The voice of thy brother’s blood crieth unto me from the ground.

Genesis, 4:10

Table of Contents

Cover Page

Title Page

Epigraph

Author’s Note

1

2

3

4

5

6

7

8

9

10

11

12

13

14

15

16

17

18

19

20

21

22

23

24

25

26

27

28

29

30

31

32

33

34

35

36

37

38

39

40

41

42

43

44

45

46

47

48

49

50

51

Acknowledgements

About The Author

By Tom Knox

Copyright

About the Publisher

Author’s Note

The Marks of Cain is a work of fiction. However, it draws on many genuine historical, archaeological and scientific sources.

In particular:

The monastery of Sainte Marie de La Tourette stands in the forests and vineyards of central France. Designed by Le Corbusier, the building was constructed in the 1950s. Five years after completion the building was threatened with closure, as so many of the monks were suffering mental problems.

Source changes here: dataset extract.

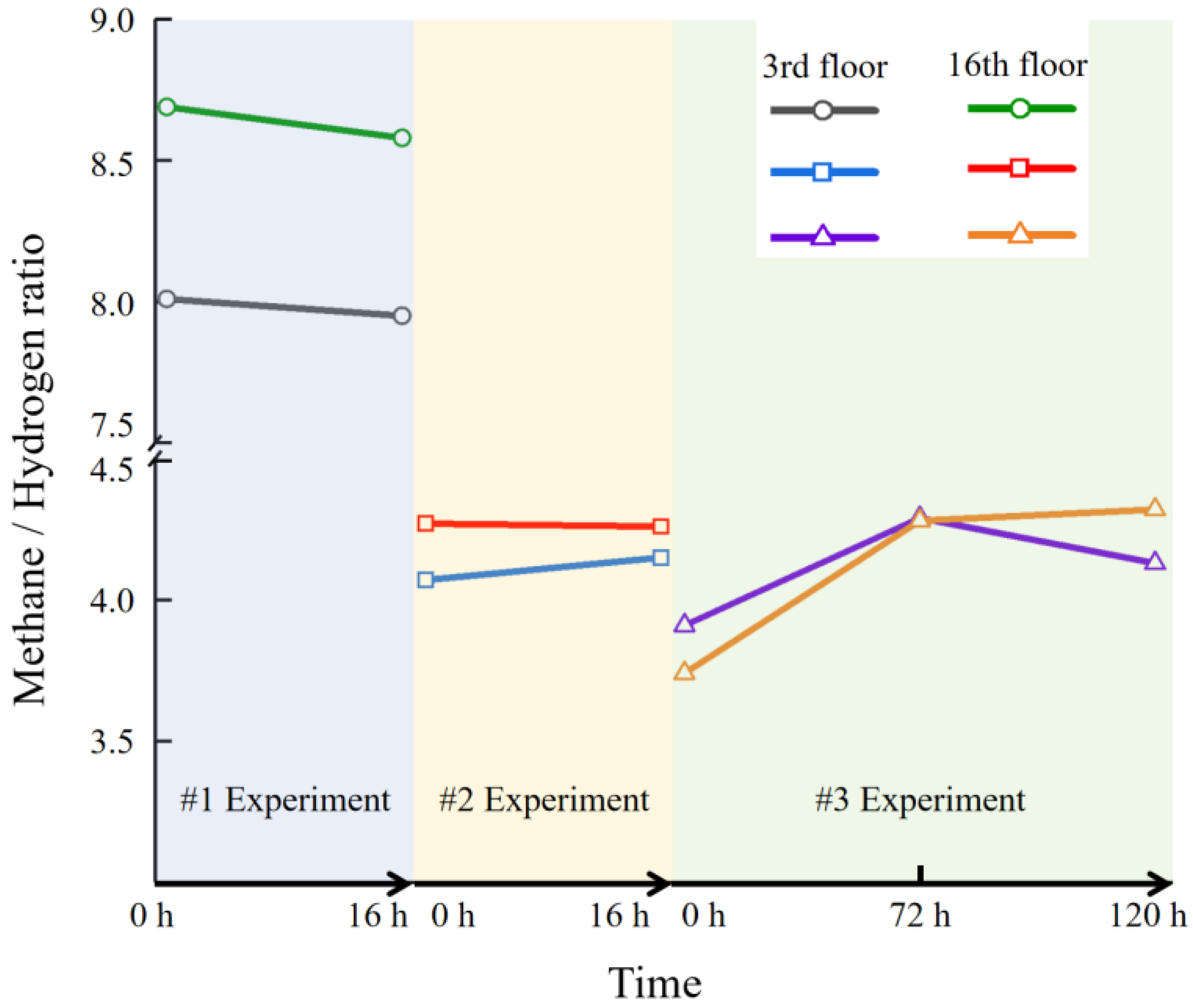 - After a standing period exceeding 12 h, methane and hydrogen concentrations at the same testing points were measured again to evaluate potential stratification effects.
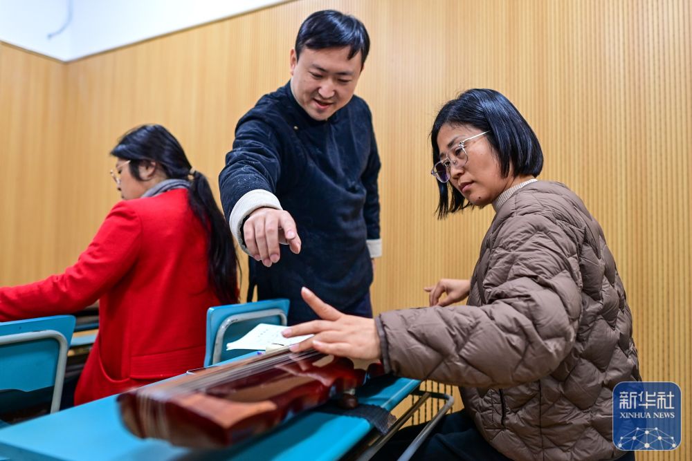 ↑ 11月26日,在宁波市江北青少年活动中心的青年夜校内,老师(中)在青年夜校的古琴课上指导学员。

Eugen Fischer was a German scientist, famous for his studies in human heredity, firstly amongst the Basters of Namibia, and then for Hitler and the Nazi party. He survived the Second World War, and continued his work without prosecution.

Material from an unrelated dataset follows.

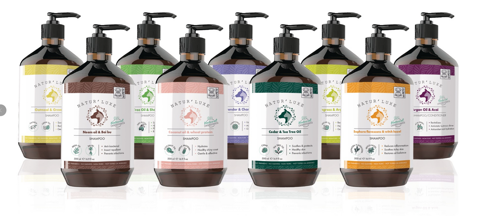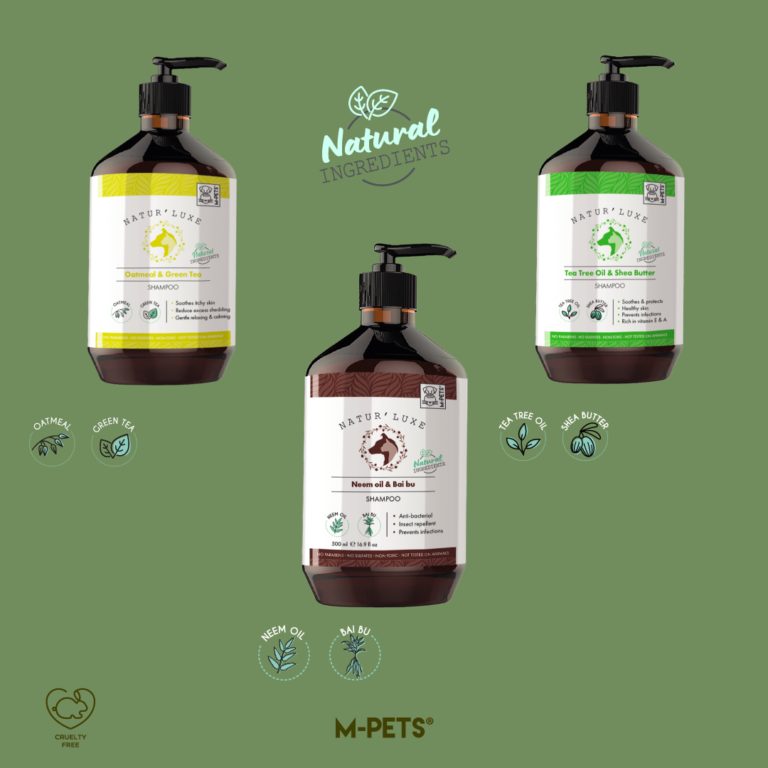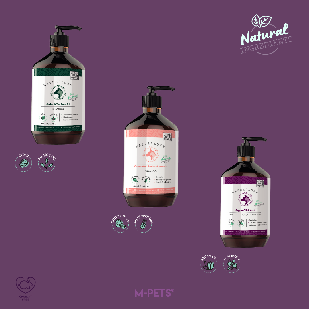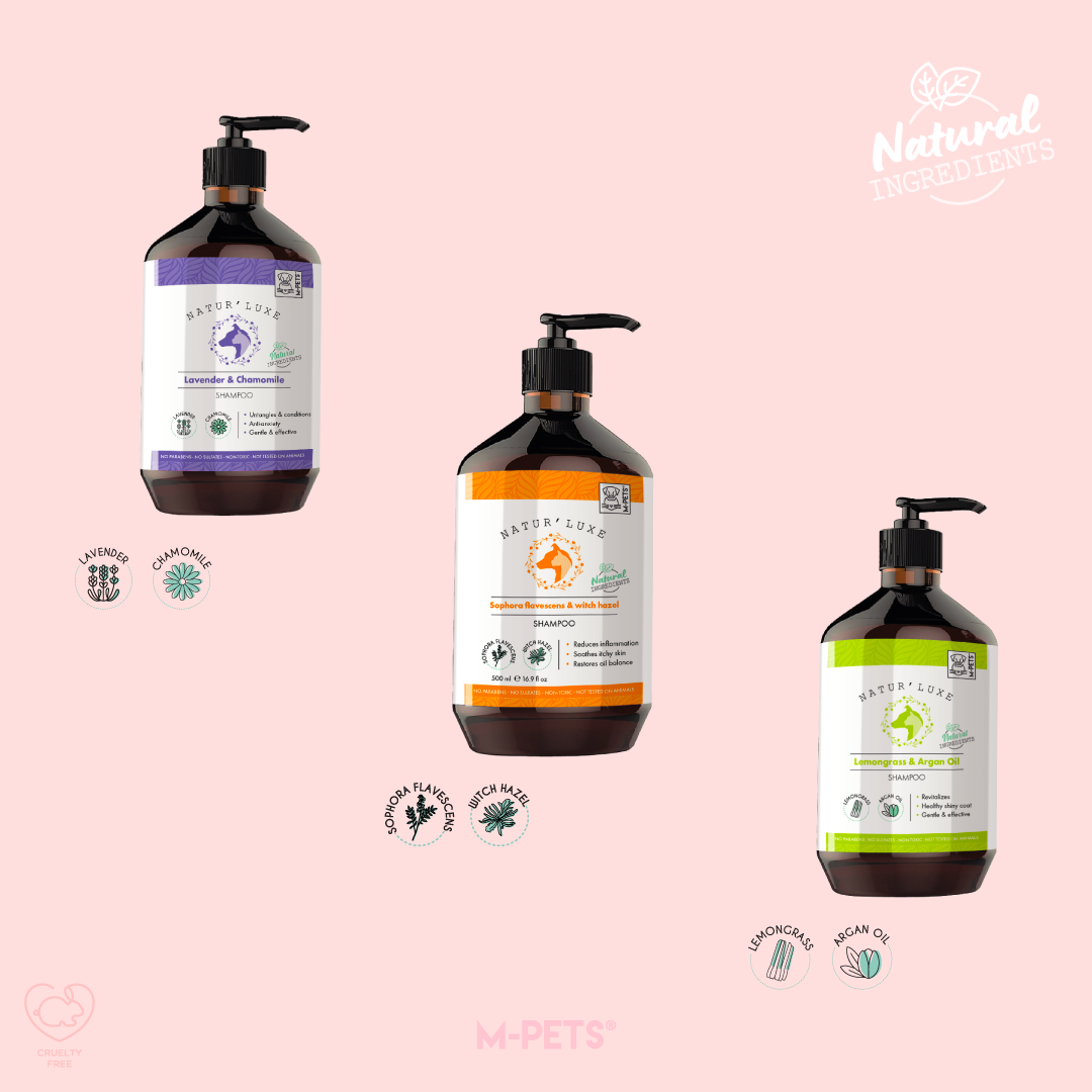 Pamper Your Pet with NATUR’LUXE by M-PETS®. We have expanded our range of natural pet shampoos with 4 new advanced formulas to cleanse, nourish, and revitalize your furry friend’s coat, leaving them feeling fresh, healthy, and oh-so-snuggable! Our natural pet shampoos are gentle yet effective, removing dirt, grime, and odors without stripping your pet’s coat of its natural oils.

In 1610, the King of Navarre asked his physicians to examine twenty-two of his ‘Cagot’ subjects.

1

Simon Quinn was listening to a young man describe how he’d sliced off his own thumb.

‘And that,’ said the man, ‘was the beginning of the end. I mean, cutting off your thumb, with a knife, that’s not nothing, is it? That’s serious shit. Cutting your own thumb off. Fucked my bowling.’

The urge to laugh was almost irrepressible; Simon repressed it. The worst thing you could do at a Narcotics Anonymous meeting was laugh at someone’s terrible story. Just not done. People came here to share, to fess up, to achieve some catharsis by submitting their darkest fears and shames: and thereby to heal.

The young man finished his story: ‘So that’s when it, like, kicked in. I realized I had to do something, about the drugs and the pop. Thank you.’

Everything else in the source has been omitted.